Overview¶

LINK-Researcher is a LangGraph-powered multi-agent workflow designed by Nanjing University and Alibaba Group for shipping complex research tasks end-to-end. Instead of a single-turn Q&A bot, it understands the task, produces a plan, collects evidence in parallel, writes sections in parallel, then post-processes, validates, and packages deliverables.

At an engineering level, it separates responsibilities across nodes so you can quickly diagnose where quality issues occur: planning, retrieval, generation, or validation.

PROJECT POSITIONING

Multi-Agent Research Workflow

The goal is not “to sound right”, but “to deliver reliably”: make long-chain research converge into shippable artifacts in an observable, configurable, and extensible workflow.

10+key workflow nodes

Parallelparallel collection + parallel section writing

2primary output graphs (HTML / MD)

4+runtime modes

What problem does LINK-Researcher solve?¶

Research delivery is hard because inputs are messy, evidence is scattered, the chain is long, and output requirements are strict. This project breaks “long-chain uncertainty” into controllable stages:

Decomposition: break large questions into executable steps to avoid one-shot instability
Parallelism: parallelize collection and writing to improve throughput
Convergence: each stage has clear responsibility; validation and packaging close the loop
Observability: memory + queue events expose intermediate states for debugging and iteration

From input to deliverable: the main workflow¶

The core execution chain is defined by build_graph() in src/graph/base_graph.py:

START
  -> role_play
  -> planner
  -> (perception | page_replan)
  -> data_collection (parallel)
  -> init_design_guide
  -> init_format
  -> format (parallel)
  -> post_process
  -> validation
  -> zip_data
  -> END

You can think of it as four stages:

Task orientation: role_play / planner clarifies goals, roles, and steps.
Evidence building: perception/page_replan + data_collection turn inputs and external info into usable evidence.
Content generation: init_format + format transform evidence into structured sections.
Delivery hardening: post_process, validation, zip_data improve consistency and produce shippable artifacts.

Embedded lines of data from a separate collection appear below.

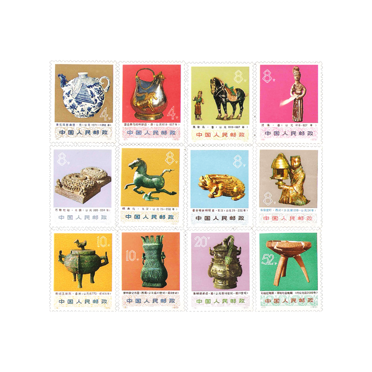 “文化大革命”后期,一批珍贵文物出土,在文物界产生了重大影响。本套邮票共12枚,展示的是一批“文化大革命”期间出土的文物精品,共12件。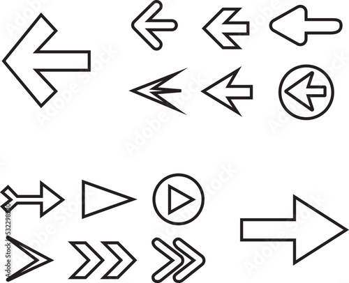 Arrow icon set isolated on white background. Trendy collection of different arrow icons in flat style. Creative arrows template for web site, mobile app, graphic design, ui and logo. Vector symbol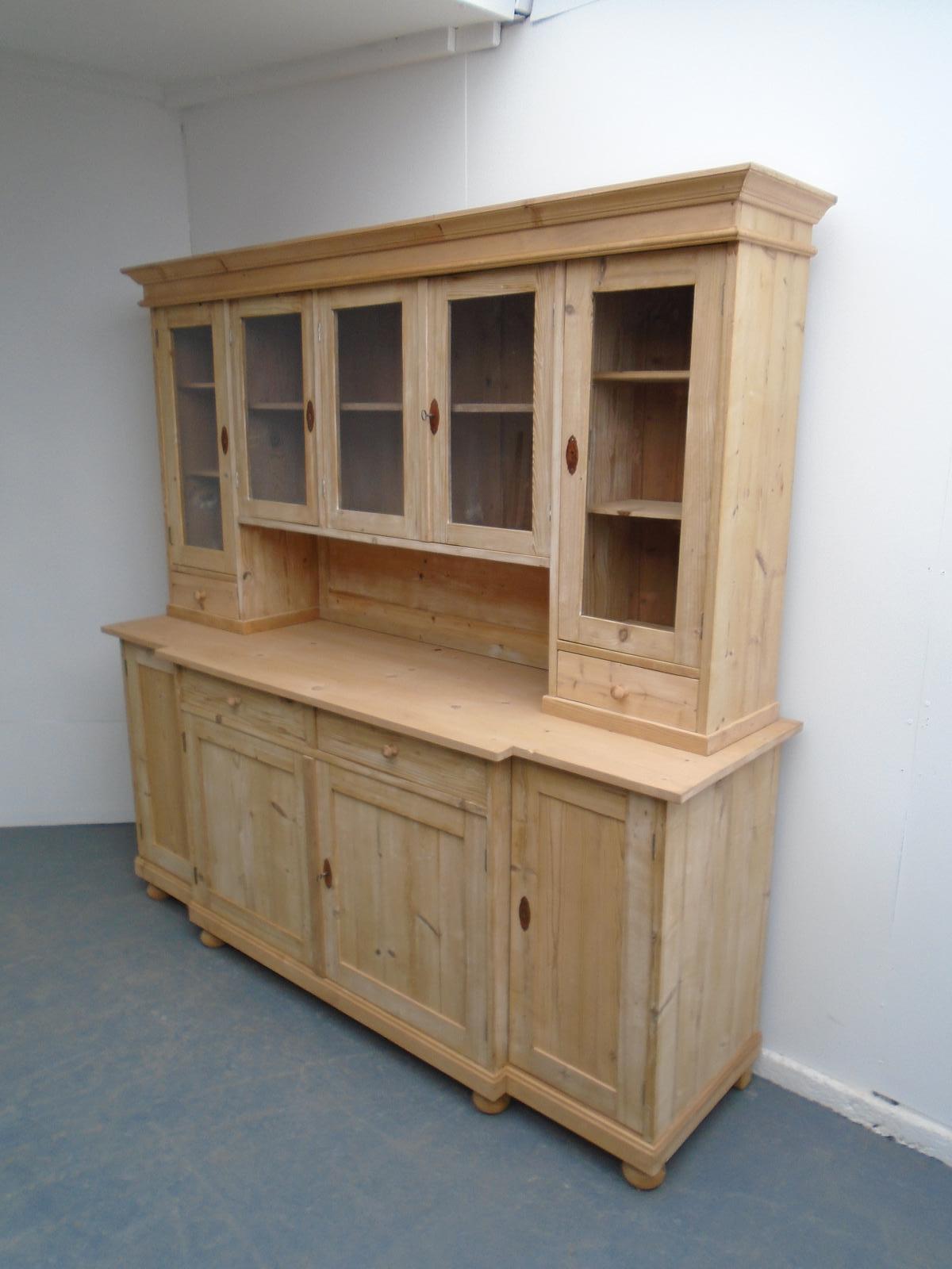 A Superb Breakfront Antique / Old Pine Kitchen Dresser to Wax / Paint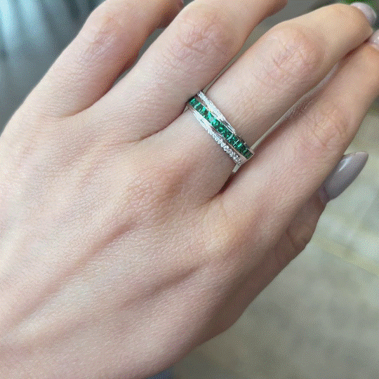 Oro Blanco 18k con 15 Esmeraldas de laboratorio corte princess de 2x2mm y Diamantes corte brillante que suman 20 pt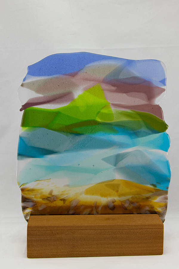 A seascape made of various colours of glass that have been pressed during the firing process, giving a lovely soft effect. Measures 22.5cm high, including the wooden stand, by 18cm wide.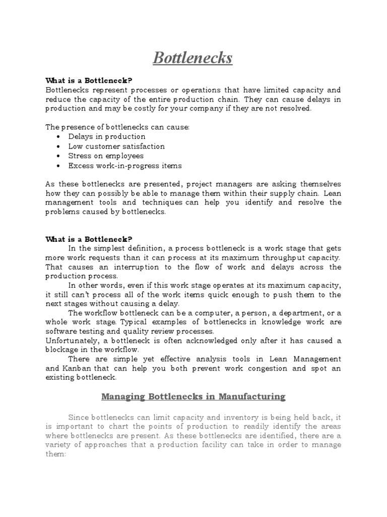 The concept of bottlenecking was central to the Theory of Constraints. It
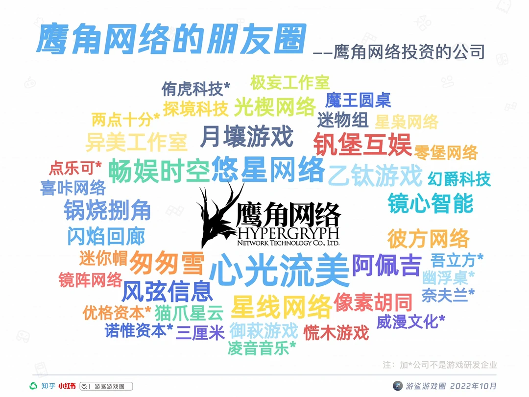 鹰角网络虽然不是大厂,但投资十分活跃,近两年来投资了三十几家游戏公司,以及十几家文娱公司(游戏动画、配乐外包,动漫制作等)。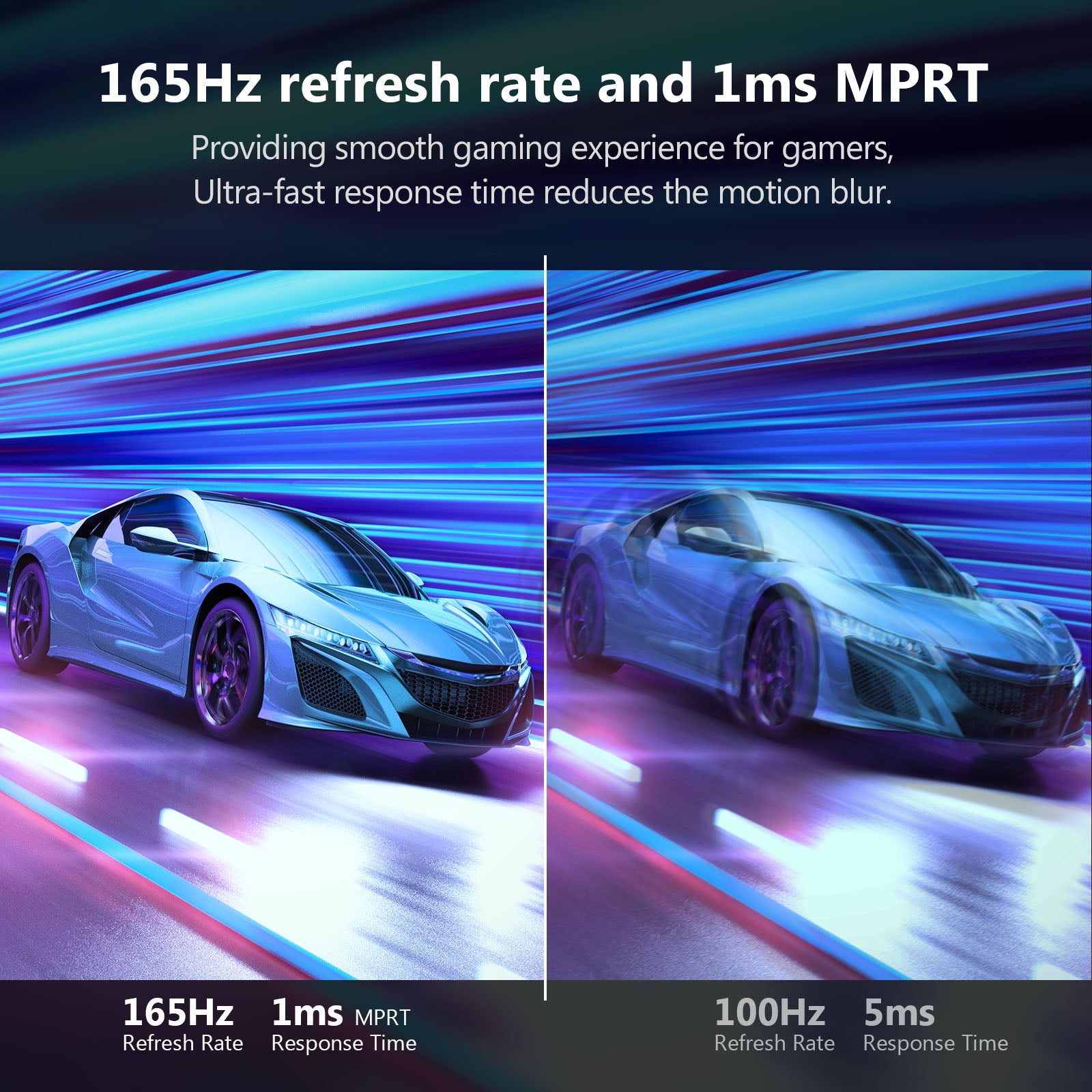Ultrafast 1ms response time avoids streaking. blurring and ghosting. during intense action scenes in video games and movies.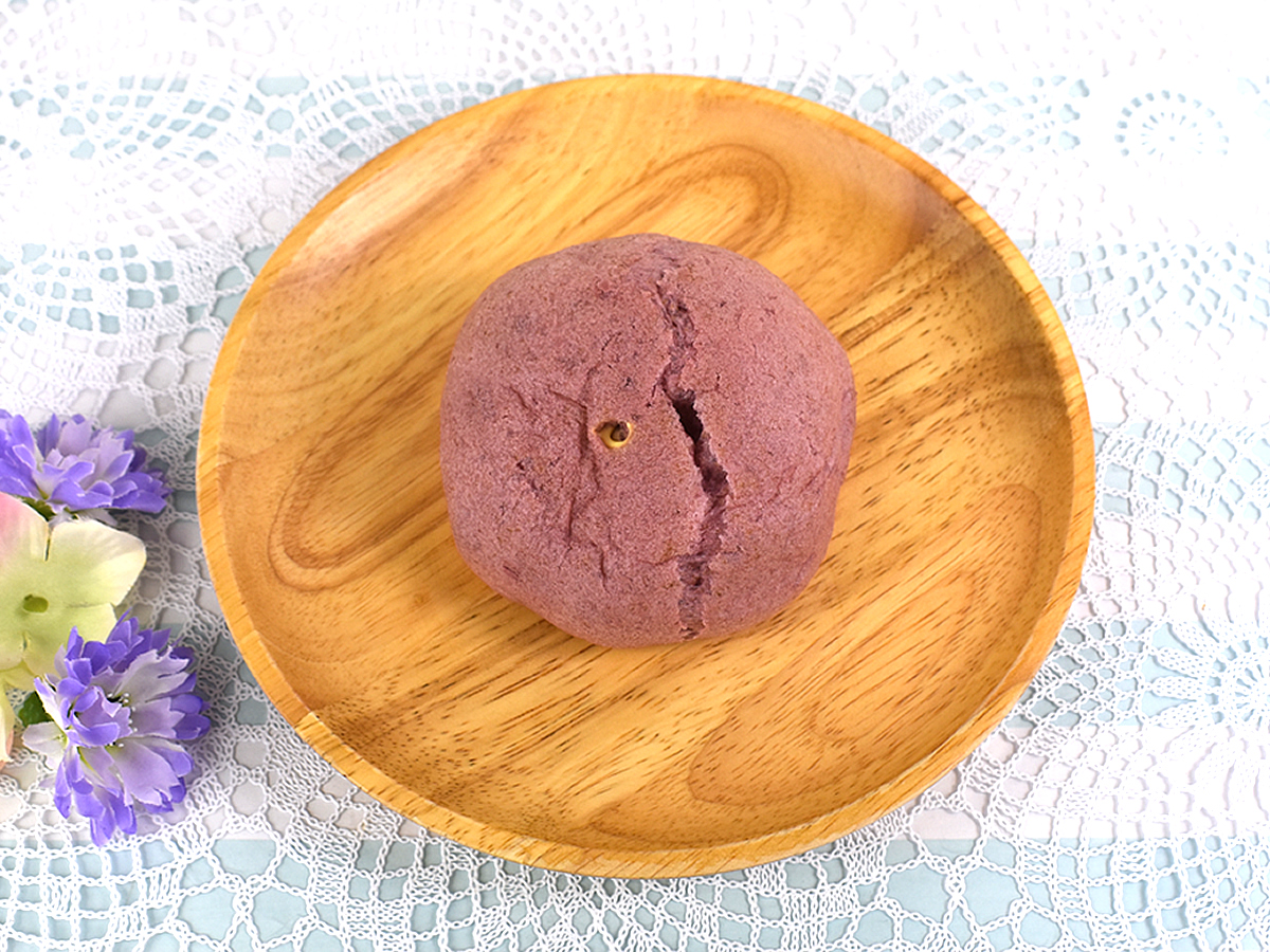 高級感漂う紅色のパッケージを開けてみたところ、紫色のシュークリームがお目見え。丸くてふっくらとしたフォルムもキュートです。手に持ってみると想像以上にずっしりとした重量感。手に吸いつくような触り心地に胸が高鳴ります。

Why this architecture “runs reliably”¶

Graph as Contract

Nodes define stage boundaries, reducing drift in long generation chains.

Parallel as Default

Subtasks are dispatched via Send() to shorten wall-clock latency.

Tools as Capability Layer

Search, fetch, and file ops are injected explicitly as tools, not implicitly coupled.

Memory as Continuity

Plans and intermediate results accumulate across stages to support convergence.

Mode as Trade-off

FAST_MODE and related toggles formalize speed-vs-quality trade-offs.

Validation as Guardrail

Post-processing and validation add consistency checks before packaging.